▶ Given data:
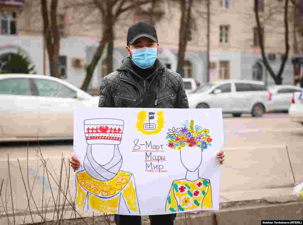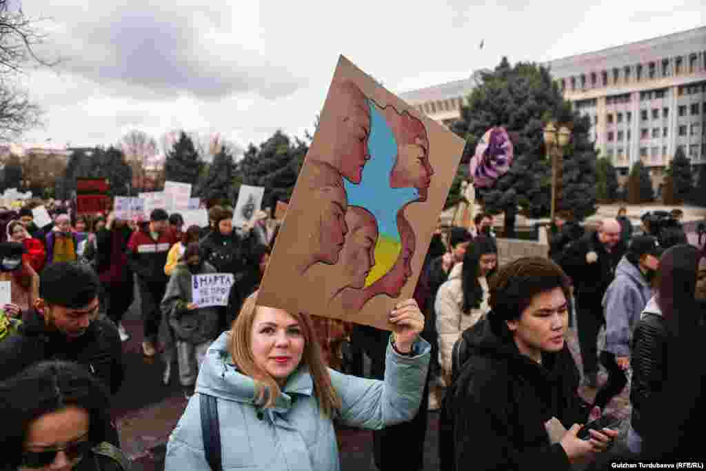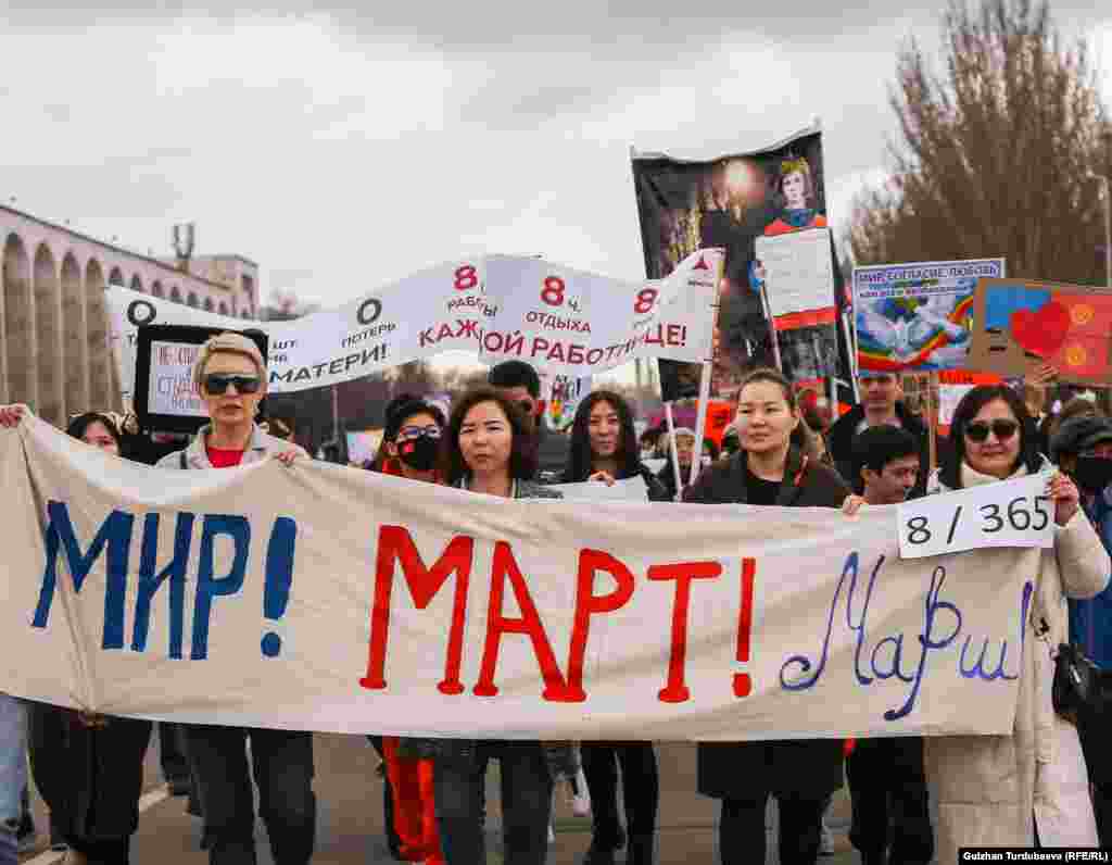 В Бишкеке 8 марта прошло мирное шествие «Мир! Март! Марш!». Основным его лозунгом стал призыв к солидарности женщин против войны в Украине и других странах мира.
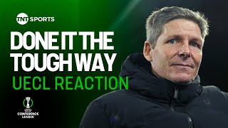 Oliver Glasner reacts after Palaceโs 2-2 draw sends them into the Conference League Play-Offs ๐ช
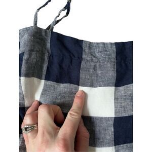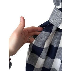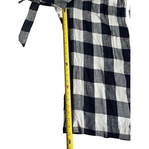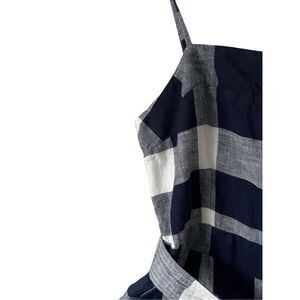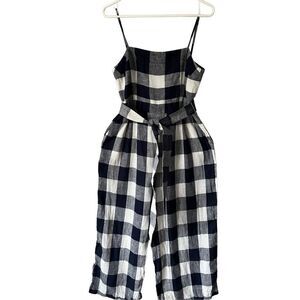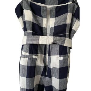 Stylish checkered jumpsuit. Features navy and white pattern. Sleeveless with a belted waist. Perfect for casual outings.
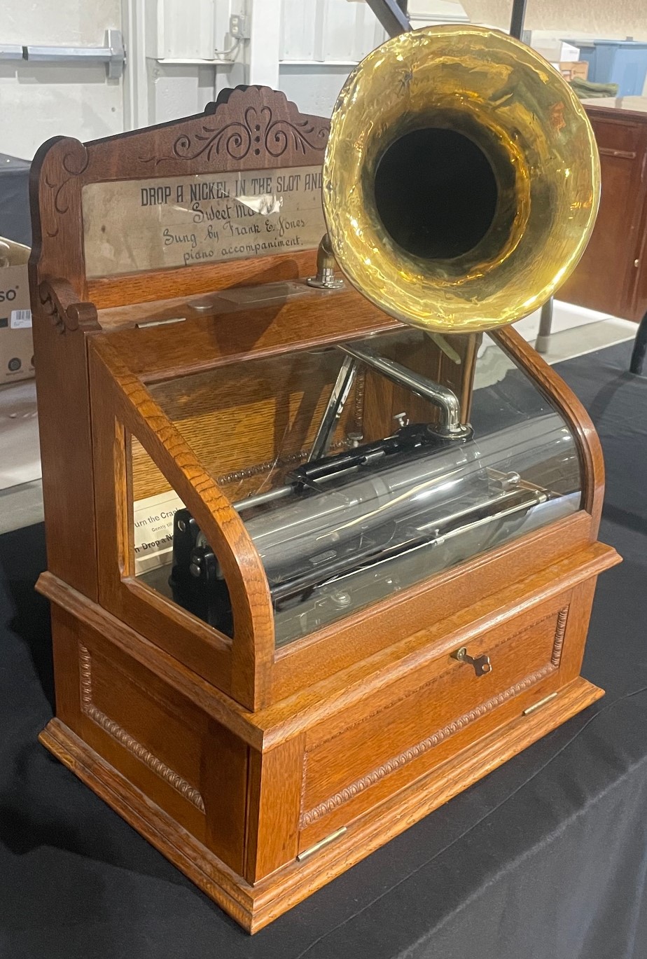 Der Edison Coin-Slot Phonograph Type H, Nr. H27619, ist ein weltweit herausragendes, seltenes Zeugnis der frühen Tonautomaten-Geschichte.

▶ Problem description: I would like you to set down the lines above, from the one containing "Stylish checkered jumpsuit." to the final line, exactly as written and without pictures.

▶ Solution to this task:
 Stylish checkered jumpsuit. Features navy and white pattern. Sleeveless with a belted waist. Perfect for casual outings.
 Der Edison Coin-Slot Phonograph Type H, Nr. H27619, ist ein weltweit herausragendes, seltenes Zeugnis der frühen Tonautomaten-Geschichte.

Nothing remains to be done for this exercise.